I was going through the list of algebras that might work either for a formal proof or, if this was too complex, one that could had an intuitive structure for a pseudo-formulation, and I started sketching out some possibilities. A central issue is that even though the study of modality (including epistemic) in linguistics
started with logic and the philosophy of logic, systems were designed not to compare beliefs but to express them. That is, possible world semantics and modal logics tend to address beliefs as possibilities like "it is possible that god exists" vs. "necessarily god exists". I realized, though, that while this isn't so helpful for what I was after, it's even better.
The logics described above typically do not simply add the two modal operators ( the symbol □ indicating and ◊ possibility). They will use these in conjunction with frames, domains, relations, worlds, etc. However, what is useful is
how to express certainty and possibility in such systems.
The view expressed here is that atheists neither believe nor disbelieve in god(s). Moreover, an atheist is defined entirely by not being a theist.
Presumably, if a theist is anything, a theist must believe that some concept of god has a reality or existence outside of that theist's mind.
A fairly intuitive way to extend logics to include beliefs is to think of an infinite set of world s.t. (such that) for any situation that is possible there is a world in which it is true. By possible, I refer to limits such as a world in which impossibilities can exist that impossible the way that something being both true & false at the same time is impossible. Symbolically, ~◊( A & ~ A), must be true. I do not mean that ambiguous concepts or things that seem impossible can't exist. Logical impossibilities, like "both A & ~A can be true", we can interpret precisely and thus understand the impossibility precisely.
What doxastic logics, possible world semantics, modal logics, etc., and the combinations thereof have in common is that beliefs are taken to relate to something (a truthmaker, a token, it doesn't really matter here) that is what makes the belief true or false. So, for example, a theist would say the proposition "god exists" is
necessarily true: it is true in all possible worlds. That's because for any proposition, there is that relation (that truthmaker thing) which makes the proposition true in some possible world (with exception noted above). By saying god actually exists, the theist means there is no possibility that god doesn't exist, and therefore no possible world for which the proposition "god exists" is false.
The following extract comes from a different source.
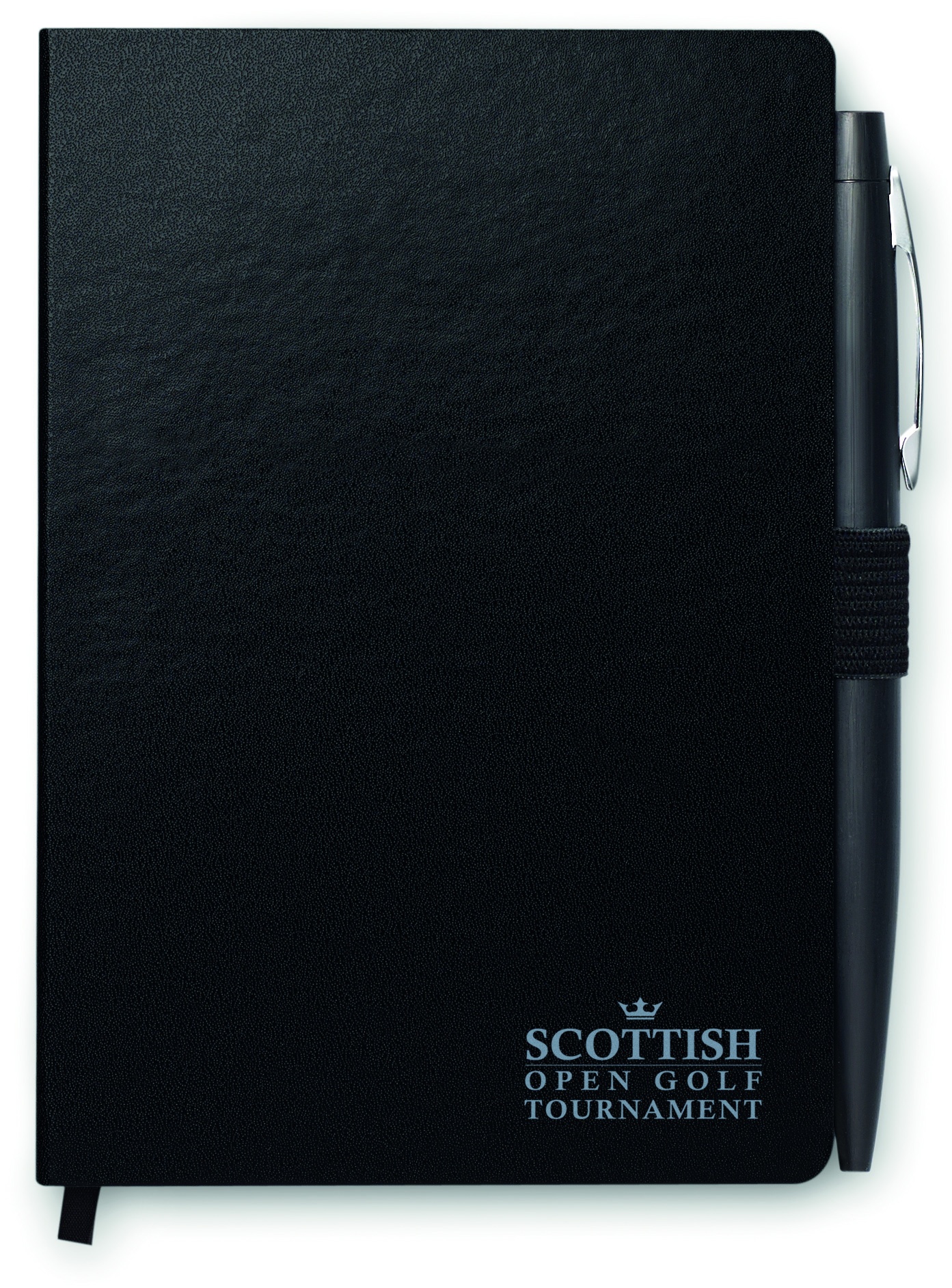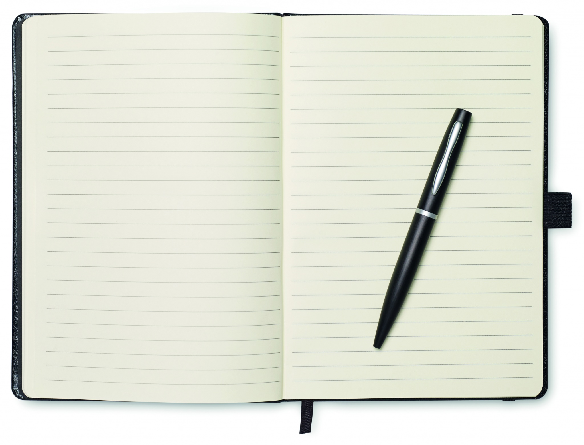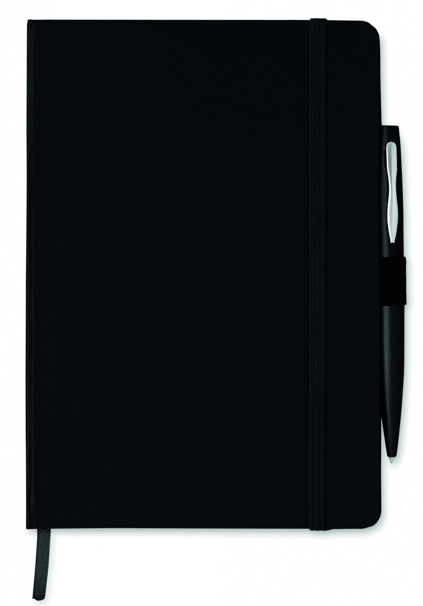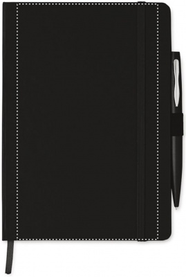 Блокнот A5 с обложкой из картона, 72 линованных листа, с лентой- закладкой, перетянут резинкой. Включает металлическую шариковую ручку с синими чернилами.

I'm not saying, of course, that this means god exists. That the proposition "god exists" is true in all possible worlds is not true for every set of all possible worlds. It is simply the way that a theist would express the existence of god(s). An agnostic, on the other hand, describes the proposition "god exists" differently. The agnostic describes a different set of all possible worlds for which the proposition "god exists" is made false in some possible worlds and true in others.
Now for the interesting part. For the atheist (strong, positive, etc.) who believes god doesn't exist, we just use the opposite of what the theist expresses: it is
necessarily true that for all possible worlds the proposition "god exists" is false. No problem.
But now there is nothing left. Given the proposition "god exists", we've exhausted all the ways in which the truth of this statement could be evaluated. Possible worlds are indeed
designed to consist even of those things we can't conceive of, are hard to define, etc. Yet we have nothing that enables us to speak of an atheist who neither believes nor disbelieves (except in the way an agnostic does).
Nor do we escape this through other ways of extending logic to cover predicates like "believe". Belief ascriptions, for example, suffer from a similar problem here as in classical logic. For they are ways in which beliefs are described, a function or relation B with arguments B(x, p, m, t) that tell us x believes the proposition p as presented in mode m at time t (not all beliefs require the fourth argument). However, such a function is, as in classical logic, binary. There is no possible difference between "not believe A" and "believe not A". Models, worlds, frames, etc., may differ in semantics and the same even one of them, like worlds, may differ in one system compared to another. We can even go further and incorporate fuzzy logic, but even if we allow our membership function to assign a truth value to the proposition "god exists" to the unaccountably infinite set [0,1], 0 would be a certainty that god doesn't exist and anything else would represent a possibility.
Surprisingly, then, the issue at the moment isn't which system to use or how, in that system, to represent proofs that relate the definition of theists to what that entails for atheists. It is that despite the diversity of systems, and the diversity of ways belief can be expressed about a diverse set (including things like "lsihler"), the only way evaluate the proposition "god exists" is as being true, some form of possibly true, or false. There are literally, in this case, infinitely many "third ways" that aren't possible in classical logic, yet still not believing god exists entails believing that god does not exist or that it is possible god exists.